For all of you who are waiting for us to get back to the purpose of our blog – farming – you have only to wait a couple more days. Our next organic farming journey will take us to Crazy View Farm in Montana.
After four days in Steamboat Springs, at the beautiful Dry Lake Campground, we left for Utah. Our days at Dry Lake consisted of watching moose, trying to avoid the rain, and trying even harder to start fires. The rain never made it through the shell of our tent, but it did soak us to the bone a of couple times. Next time we get back to Colorado we will arrive with an all-wheel drive vehicle – a Subaru if I am lucky. There were countless trails into the mountains that we wanted to explore, but they required the proper vehicle and my poor little Honda Civic just couldn’t quite make it. So, after preparing a few impressive meals at the campsite and attempting to take a sponge bath in the woods we were off to civilization once more to visit one of my oldest friends, Nichole, in Utah.
Upon our crossing into Utah we were shocked, it felt like we were in a desert wasteland. It turns out, we were in the Dinosaur Diamond, where you can stop and explore archeological sites and hunt for your very own fossils. The beauty of Utah began when we went passed the Strawberry Reservoir, a massive lake that spanned as far as I could see. As we cruised down Provo Canyon we were again struck with the feeling of insignificance when compared to the millions of years old geological formations around us.
We arrived at Nichole and Jason’s lovely home and they treated us to a delicious, filling meal. For the past week I had felt like I was living the “starving artist” lifestyle. We had been living on one main meal a day, which might work for Mr. Chase Vreeland, but was making me a very hungry gal. Thus said, we curled into our cozy bed and fell fast asleep, with a full stomach. There is no better feeling than falling asleep in a warm bed after shivering in a sleeping bag for the past seven nights.
Today we ventured out into Provo Canyon. We hit our first hurdle the moment we stepped outdoors, the temperature. It was hot. We had become accustomed to the mild temperature in the Colorado mountains and now had to adjust to the sunny, dry heat of the valley. Alas, we were instantly cooled as we began climbing the rocks of Bridal Veil Falls. The mist of the falls was icy cold and showered us with refreshing, natural air conditioners. I have seen waterfalls in Costa Rica, Peru, Ecuador, and of course Niagara Falls, but nothing has compared to the moment I spent under the Bridal Vail falls. It wasn’t because of the sheer size of the waterfall, it wasn’t the largest fall that I had seen, but it was the closest I had ever been to such a force of nature. I stood under the fall and looked up for what felt like forever. All of my thoughts seemed to disappear and all I felt was the cool water landing on my skin.

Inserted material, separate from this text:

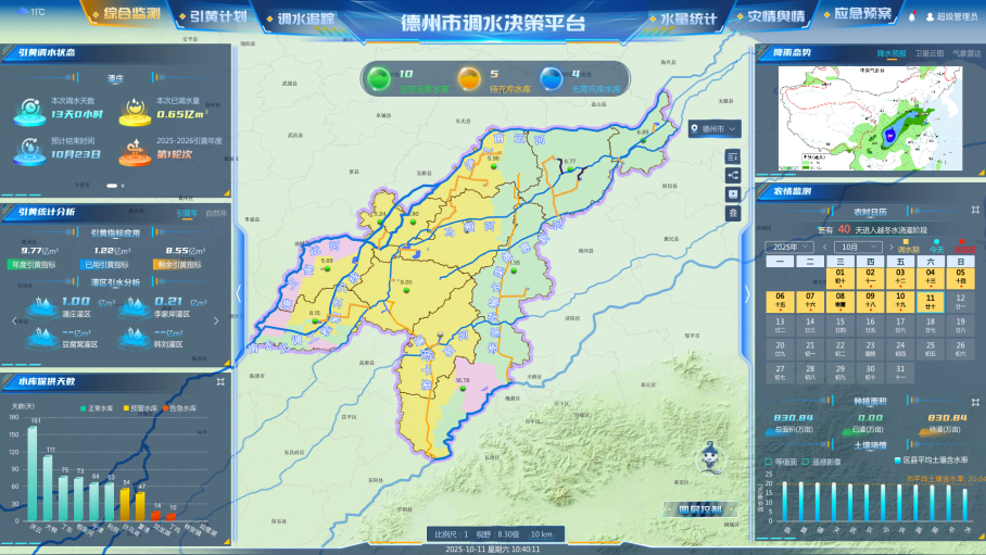 针对平原地区水利治理难题,“鲁西北典型平原区域数字孪生市级水网工程项目”以德州为试点,通过集成GIS+BIM及水文水动力耦合仿真等数字孪生技术,打造“天空地水工”一体化智慧平台。通过构建防汛与引调水联合调度系统,项目首次实现平原区域“防洪安全”与“供水保障”的协同优化,有效化解自然河道引调水与防洪的冲突矛盾,为华北平原市级水网全链条数字化管控提供了“山东样板”。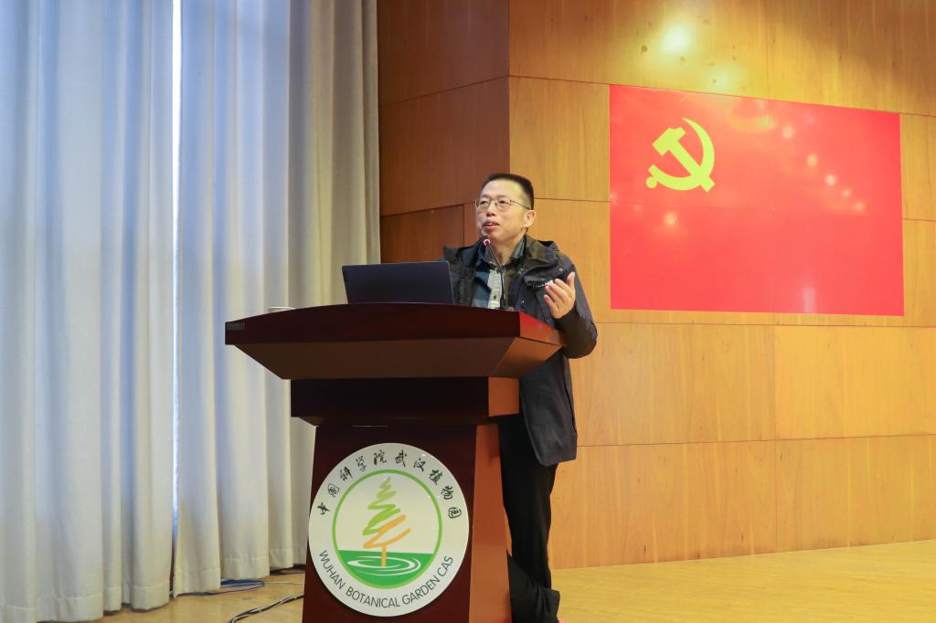 “为什么要重视森林保护?”,在主题学习报告会上,江明喜研究员从森林保护的意义出发,从森林的生态功能与服务谈起,带领大家走进森林,了解森林的垂直结构、植被演替等方面内容,带领大家正确理解碳达峰和碳中和的含义,探讨森林生物多样性的维持机制。

The next place of interest on our agenda was Vivian Park. Jason and Nichole had given us very detailed directions to reach the “Hippie Rock.” The Hippie Rock lies in the middle of the Provo River and is surrounded by currents that swirl down and around. We parked our car and headed East on the railroad tracks until we saw The Rock. Lucky for us, there was a gentleman there who gave us the full lowdown on the rock. His name was Ryan, he likes to drink lots of beer, smoke even more cigarettes, listen to Eminem and hang out at the rock on his days off from working as one of the Head Chefs at Panda Express. There is only one way to swim to the rock without being injured by the current and Ryan showed us the way. There is also only one place you want to jump off the rock, without slamming into other rocks, and Ryan showed us the way. He also informed us that the best way to jump is to begin spinning in the water once you land, so that the force of the current will whip you around even faster. Ryan also has a dog, whose name is Snoop-a-loop. I am not quite sure if I had more fun jumping off the rock or getting to know this slightly loony man, Ryan. As I write this, I am starting to understand what made Ryan so off. As he informed us, he spends every moment of his free time at the rock. Now, believe me when I tell you that the water around the rock is cold. I am from Minnesota and I know what lake water cold feels like, this was much colder. This was melted snow water cold. It wasn’t the type of water that you get used to, it’s the type of water that numbs your limbs. It may even numb your brain – at least that’s my Ryan theory.
The next time you hear from us, we will be back on the farm. We are excited about our next farm, because they are very active in the farmer’s market scene. I can just imagine having the time of my life passing vegetables to eager customers and coming up with recipes for the newly harvested produce.